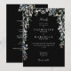 En elegant vildblomma akvarell blomsterbröllopsinbjudan med chic vit typografi på en stilfull svart bakgrund. Med all din speciella bröllopsdagsinformation på baksidan, inklusive din RSVP, boende och ytterligare detaljer. Designad av Thisisnotme©
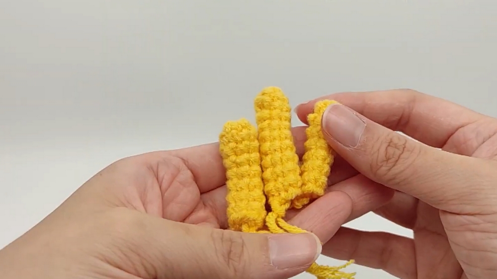 - Repeat for Fries: Make two pieces with eight rows each and one longer piece with an additional two rows.
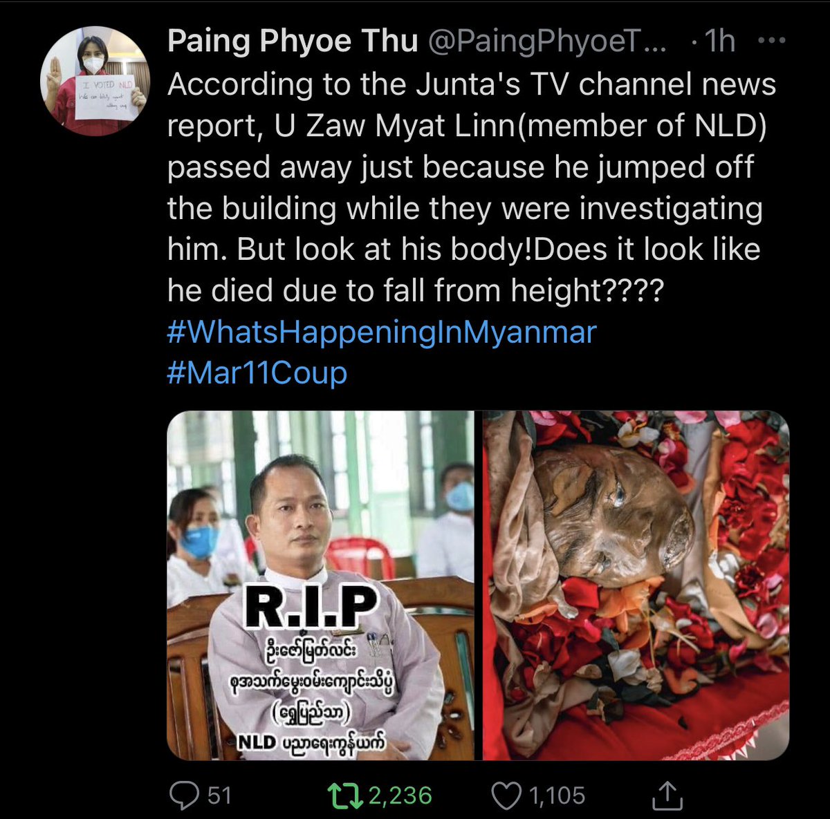 According to the Junta's TV channel news report, U Zaw Myat Linn(member of NLD) passed away just because he jumped off the building while they were investigating him. But look at his body!Does it look like he died due to fall from height????
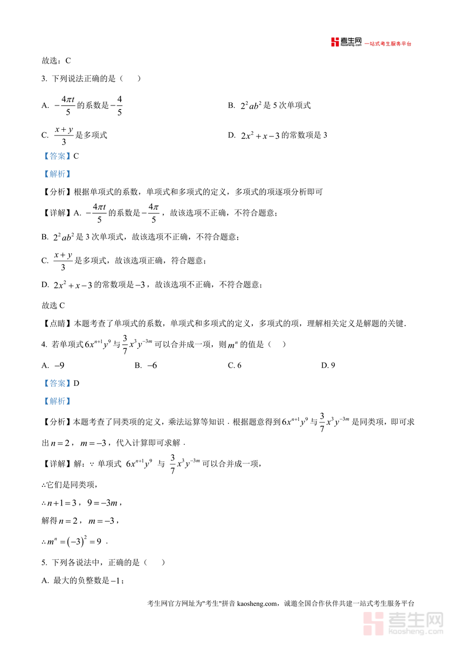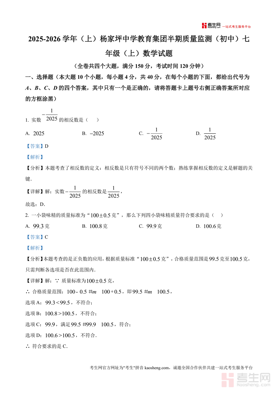《精品解析:重庆市杨家坪中学2025-2026学年上学期期中质量监测七年级数学试题(解析版)》是一份针对该校七年级上册数学期中检测的高质量真题解析备考资料。资料包含全卷四大题(选择题10道、填空题6道、解答题8道)共150分的完整试题及逐题详细解析,覆盖实数相反数、绝对值应用、整式运算、规律探究等七年级数学核心知识点。其特色亮点在于每道题均配备考点分析、分步解题思路及易错点提示——如选择题第3题对单项式系数与多项式定义进行细致辨析,填空题第16题"欢喜数"新定义题结合数论知识展开逻辑推导,帮助学生深入理解考点本质,同时融入应试技巧指导,提升解题效率。

• **Work to complete**:
Transcribe, please, the lines from the one holding "According to the" to the final line of the material, both included, exactly and with no extra lines, and skip the pictures.

• **Solution to the problem**:
 According to the Junta's TV channel news report, U Zaw Myat Linn(member of NLD) passed away just because he jumped off the building while they were investigating him. But look at his body!Does it look like he died due to fall from height????
《精品解析:重庆市杨家坪中学2025-2026学年上学期期中质量监测七年级数学试题(解析版)》是一份针对该校七年级上册数学期中检测的高质量真题解析备考资料。资料包含全卷四大题(选择题10道、填空题6道、解答题8道)共150分的完整试题及逐题详细解析,覆盖实数相反数、绝对值应用、整式运算、规律探究等七年级数学核心知识点。其特色亮点在于每道题均配备考点分析、分步解题思路及易错点提示——如选择题第3题对单项式系数与多项式定义进行细致辨析,填空题第16题"欢喜数"新定义题结合数论知识展开逻辑推导,帮助学生深入理解考点本质,同时融入应试技巧指导,提升解题效率。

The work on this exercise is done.